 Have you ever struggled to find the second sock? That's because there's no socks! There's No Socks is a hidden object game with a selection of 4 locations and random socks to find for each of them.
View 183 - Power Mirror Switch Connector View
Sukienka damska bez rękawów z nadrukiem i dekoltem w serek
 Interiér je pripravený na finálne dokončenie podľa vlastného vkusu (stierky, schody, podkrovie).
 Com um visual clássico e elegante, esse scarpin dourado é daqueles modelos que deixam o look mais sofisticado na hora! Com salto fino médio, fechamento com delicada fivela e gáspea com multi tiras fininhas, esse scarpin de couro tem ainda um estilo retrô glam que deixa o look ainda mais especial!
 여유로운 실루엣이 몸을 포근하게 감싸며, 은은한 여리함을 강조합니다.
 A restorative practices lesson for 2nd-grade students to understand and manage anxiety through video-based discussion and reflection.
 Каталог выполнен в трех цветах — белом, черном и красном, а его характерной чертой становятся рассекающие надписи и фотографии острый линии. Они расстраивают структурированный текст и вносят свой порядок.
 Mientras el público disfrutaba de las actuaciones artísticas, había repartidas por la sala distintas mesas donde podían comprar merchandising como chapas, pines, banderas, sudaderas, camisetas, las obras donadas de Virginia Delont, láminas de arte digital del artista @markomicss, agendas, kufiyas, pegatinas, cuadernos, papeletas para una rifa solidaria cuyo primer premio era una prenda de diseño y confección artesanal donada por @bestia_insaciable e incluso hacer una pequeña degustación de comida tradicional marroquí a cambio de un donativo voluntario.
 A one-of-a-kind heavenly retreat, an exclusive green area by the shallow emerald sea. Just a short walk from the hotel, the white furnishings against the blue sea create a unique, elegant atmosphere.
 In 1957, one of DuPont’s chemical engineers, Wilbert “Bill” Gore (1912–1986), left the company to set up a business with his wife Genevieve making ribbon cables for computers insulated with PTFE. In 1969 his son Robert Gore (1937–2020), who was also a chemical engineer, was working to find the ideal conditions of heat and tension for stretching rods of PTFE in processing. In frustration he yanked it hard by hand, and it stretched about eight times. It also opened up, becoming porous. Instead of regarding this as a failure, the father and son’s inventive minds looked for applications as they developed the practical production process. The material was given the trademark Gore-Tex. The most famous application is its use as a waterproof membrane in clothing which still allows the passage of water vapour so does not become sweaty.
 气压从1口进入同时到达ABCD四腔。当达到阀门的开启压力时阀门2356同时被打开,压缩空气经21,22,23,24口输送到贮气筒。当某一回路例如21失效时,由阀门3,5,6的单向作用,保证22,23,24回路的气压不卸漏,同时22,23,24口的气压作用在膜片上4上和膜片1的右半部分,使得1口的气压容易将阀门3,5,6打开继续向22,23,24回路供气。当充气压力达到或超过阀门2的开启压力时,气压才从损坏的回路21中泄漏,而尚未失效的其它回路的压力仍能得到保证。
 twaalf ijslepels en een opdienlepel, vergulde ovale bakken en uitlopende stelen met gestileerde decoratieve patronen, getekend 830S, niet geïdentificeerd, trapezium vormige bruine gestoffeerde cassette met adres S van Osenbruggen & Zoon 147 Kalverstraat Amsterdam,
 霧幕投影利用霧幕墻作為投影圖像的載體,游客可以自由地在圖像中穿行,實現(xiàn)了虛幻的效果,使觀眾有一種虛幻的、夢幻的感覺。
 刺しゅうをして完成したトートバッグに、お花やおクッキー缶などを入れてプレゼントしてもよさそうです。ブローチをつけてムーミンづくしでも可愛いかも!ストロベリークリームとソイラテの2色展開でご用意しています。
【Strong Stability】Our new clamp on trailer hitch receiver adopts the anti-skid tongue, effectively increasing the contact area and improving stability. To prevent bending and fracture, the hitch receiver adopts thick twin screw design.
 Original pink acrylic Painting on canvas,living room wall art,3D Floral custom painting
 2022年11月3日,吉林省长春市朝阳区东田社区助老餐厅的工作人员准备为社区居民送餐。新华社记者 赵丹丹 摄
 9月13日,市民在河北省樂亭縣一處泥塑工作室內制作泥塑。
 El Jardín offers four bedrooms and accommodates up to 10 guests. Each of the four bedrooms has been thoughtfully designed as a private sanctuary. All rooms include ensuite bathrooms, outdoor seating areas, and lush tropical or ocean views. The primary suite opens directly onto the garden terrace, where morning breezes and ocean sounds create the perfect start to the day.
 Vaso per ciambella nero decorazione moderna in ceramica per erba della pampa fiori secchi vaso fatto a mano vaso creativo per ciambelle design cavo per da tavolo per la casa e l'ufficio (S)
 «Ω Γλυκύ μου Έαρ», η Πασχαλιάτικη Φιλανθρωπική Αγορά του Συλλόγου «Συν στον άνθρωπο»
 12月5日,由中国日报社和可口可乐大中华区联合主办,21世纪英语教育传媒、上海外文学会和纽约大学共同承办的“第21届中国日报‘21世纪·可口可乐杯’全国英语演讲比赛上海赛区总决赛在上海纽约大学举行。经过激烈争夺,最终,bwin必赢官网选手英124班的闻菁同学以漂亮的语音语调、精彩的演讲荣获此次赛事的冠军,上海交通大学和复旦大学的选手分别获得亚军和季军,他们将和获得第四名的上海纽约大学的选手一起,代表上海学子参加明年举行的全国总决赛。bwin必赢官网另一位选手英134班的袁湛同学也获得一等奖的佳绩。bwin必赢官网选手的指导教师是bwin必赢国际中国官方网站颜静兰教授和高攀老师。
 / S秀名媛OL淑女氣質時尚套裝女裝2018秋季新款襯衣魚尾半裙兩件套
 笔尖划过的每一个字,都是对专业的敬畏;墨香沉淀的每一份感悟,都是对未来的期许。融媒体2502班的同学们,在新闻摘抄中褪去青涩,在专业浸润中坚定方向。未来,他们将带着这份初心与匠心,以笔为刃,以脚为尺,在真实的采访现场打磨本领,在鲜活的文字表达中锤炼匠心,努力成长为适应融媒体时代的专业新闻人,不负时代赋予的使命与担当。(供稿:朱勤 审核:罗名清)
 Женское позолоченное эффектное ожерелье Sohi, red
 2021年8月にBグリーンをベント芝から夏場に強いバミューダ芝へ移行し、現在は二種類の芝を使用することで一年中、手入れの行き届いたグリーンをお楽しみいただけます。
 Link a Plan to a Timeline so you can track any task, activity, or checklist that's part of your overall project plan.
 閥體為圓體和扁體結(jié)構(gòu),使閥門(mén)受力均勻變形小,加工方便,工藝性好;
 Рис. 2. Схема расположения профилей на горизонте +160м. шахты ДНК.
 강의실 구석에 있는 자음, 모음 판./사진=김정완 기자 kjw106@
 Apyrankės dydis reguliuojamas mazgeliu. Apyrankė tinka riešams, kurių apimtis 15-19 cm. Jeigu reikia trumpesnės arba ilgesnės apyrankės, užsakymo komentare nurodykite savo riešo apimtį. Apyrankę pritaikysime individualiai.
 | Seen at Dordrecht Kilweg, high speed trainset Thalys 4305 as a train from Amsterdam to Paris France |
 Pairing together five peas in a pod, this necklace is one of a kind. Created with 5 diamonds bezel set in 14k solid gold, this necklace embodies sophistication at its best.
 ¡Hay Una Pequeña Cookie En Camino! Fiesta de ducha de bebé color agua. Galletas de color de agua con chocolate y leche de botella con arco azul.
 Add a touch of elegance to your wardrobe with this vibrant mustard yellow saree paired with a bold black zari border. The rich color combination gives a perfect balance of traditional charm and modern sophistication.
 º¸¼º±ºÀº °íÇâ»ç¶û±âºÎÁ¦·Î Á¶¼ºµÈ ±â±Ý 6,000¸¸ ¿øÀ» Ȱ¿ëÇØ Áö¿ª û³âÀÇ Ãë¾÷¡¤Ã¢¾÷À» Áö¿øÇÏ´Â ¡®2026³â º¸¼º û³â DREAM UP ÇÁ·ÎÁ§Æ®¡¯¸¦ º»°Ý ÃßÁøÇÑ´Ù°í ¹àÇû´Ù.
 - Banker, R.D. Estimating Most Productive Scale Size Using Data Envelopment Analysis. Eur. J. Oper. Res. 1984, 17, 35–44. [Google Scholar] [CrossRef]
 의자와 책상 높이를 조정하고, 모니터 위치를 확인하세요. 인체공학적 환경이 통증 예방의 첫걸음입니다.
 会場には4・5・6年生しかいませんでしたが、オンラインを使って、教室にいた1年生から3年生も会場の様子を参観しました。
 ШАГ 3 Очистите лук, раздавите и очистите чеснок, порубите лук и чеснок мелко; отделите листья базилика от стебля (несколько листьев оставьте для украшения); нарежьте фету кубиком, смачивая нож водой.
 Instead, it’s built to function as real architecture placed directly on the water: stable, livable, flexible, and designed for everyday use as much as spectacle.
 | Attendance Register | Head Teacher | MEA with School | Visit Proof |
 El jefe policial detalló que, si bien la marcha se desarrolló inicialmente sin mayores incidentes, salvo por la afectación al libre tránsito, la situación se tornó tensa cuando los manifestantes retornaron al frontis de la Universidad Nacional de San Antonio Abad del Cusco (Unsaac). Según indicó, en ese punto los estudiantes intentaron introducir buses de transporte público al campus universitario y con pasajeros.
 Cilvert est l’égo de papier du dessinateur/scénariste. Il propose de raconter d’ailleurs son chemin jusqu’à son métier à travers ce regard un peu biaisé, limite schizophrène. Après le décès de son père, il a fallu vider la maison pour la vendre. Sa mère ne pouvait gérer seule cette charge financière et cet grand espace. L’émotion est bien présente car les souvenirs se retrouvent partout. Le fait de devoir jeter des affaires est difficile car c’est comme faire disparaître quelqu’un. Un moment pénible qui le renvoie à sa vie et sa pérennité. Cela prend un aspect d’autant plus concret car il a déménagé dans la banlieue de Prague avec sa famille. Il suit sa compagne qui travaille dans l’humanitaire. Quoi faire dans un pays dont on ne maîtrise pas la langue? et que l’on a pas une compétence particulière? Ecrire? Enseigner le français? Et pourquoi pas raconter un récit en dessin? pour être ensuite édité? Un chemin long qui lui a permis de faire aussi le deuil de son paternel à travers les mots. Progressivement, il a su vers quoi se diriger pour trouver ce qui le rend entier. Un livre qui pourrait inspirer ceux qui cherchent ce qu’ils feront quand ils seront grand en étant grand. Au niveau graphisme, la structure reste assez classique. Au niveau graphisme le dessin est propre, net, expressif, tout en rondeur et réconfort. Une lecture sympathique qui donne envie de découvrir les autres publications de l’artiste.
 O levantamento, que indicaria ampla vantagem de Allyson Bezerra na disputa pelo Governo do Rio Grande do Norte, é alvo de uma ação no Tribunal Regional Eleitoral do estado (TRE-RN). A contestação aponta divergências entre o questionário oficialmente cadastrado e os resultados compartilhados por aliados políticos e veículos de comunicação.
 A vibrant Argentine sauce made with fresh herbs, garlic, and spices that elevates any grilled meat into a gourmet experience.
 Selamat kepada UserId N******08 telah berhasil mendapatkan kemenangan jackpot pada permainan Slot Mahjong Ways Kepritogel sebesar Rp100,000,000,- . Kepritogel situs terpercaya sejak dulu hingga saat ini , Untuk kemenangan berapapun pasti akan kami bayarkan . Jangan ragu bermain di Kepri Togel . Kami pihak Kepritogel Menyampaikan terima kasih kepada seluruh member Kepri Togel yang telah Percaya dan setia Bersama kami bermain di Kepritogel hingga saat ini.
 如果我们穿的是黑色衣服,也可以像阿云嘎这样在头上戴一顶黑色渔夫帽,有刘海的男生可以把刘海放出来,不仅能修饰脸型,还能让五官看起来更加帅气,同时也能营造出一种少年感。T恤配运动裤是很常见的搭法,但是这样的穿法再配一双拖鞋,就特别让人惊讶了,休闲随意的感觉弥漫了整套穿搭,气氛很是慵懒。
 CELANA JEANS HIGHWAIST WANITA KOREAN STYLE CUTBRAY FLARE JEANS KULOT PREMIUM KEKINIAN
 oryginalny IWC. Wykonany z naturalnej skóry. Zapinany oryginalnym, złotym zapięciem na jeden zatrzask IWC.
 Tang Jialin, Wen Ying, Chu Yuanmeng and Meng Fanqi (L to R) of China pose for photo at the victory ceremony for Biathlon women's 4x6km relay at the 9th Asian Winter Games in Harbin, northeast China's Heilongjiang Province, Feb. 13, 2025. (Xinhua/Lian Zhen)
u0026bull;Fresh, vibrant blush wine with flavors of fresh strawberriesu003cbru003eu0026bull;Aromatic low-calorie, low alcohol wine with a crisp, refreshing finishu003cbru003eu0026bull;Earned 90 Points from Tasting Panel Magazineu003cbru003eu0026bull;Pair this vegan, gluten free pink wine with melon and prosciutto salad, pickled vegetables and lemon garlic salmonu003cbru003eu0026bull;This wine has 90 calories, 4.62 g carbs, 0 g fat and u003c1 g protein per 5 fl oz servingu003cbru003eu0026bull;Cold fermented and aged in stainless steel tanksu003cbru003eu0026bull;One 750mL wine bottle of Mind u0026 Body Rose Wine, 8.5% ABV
- - -
• _What the task requires_
Return exactly the leading lines of the listing, stopping after the line in which "Каталог выполнен в" occurs.

• _Output of the exercise_
 Have you ever struggled to find the second sock? That's because there's no socks! There's No Socks is a hidden object game with a selection of 4 locations and random socks to find for each of them.
View 183 - Power Mirror Switch Connector View
Sukienka damska bez rękawów z nadrukiem i dekoltem w serek
 Interiér je pripravený na finálne dokončenie podľa vlastného vkusu (stierky, schody, podkrovie).
 Com um visual clássico e elegante, esse scarpin dourado é daqueles modelos que deixam o look mais sofisticado na hora! Com salto fino médio, fechamento com delicada fivela e gáspea com multi tiras fininhas, esse scarpin de couro tem ainda um estilo retrô glam que deixa o look ainda mais especial!
 여유로운 실루엣이 몸을 포근하게 감싸며, 은은한 여리함을 강조합니다.
 A restorative practices lesson for 2nd-grade students to understand and manage anxiety through video-based discussion and reflection.
 Каталог выполнен в трех цветах — белом, черном и красном, а его характерной чертой становятся рассекающие надписи и фотографии острый линии. Они расстраивают структурированный текст и вносят свой порядок.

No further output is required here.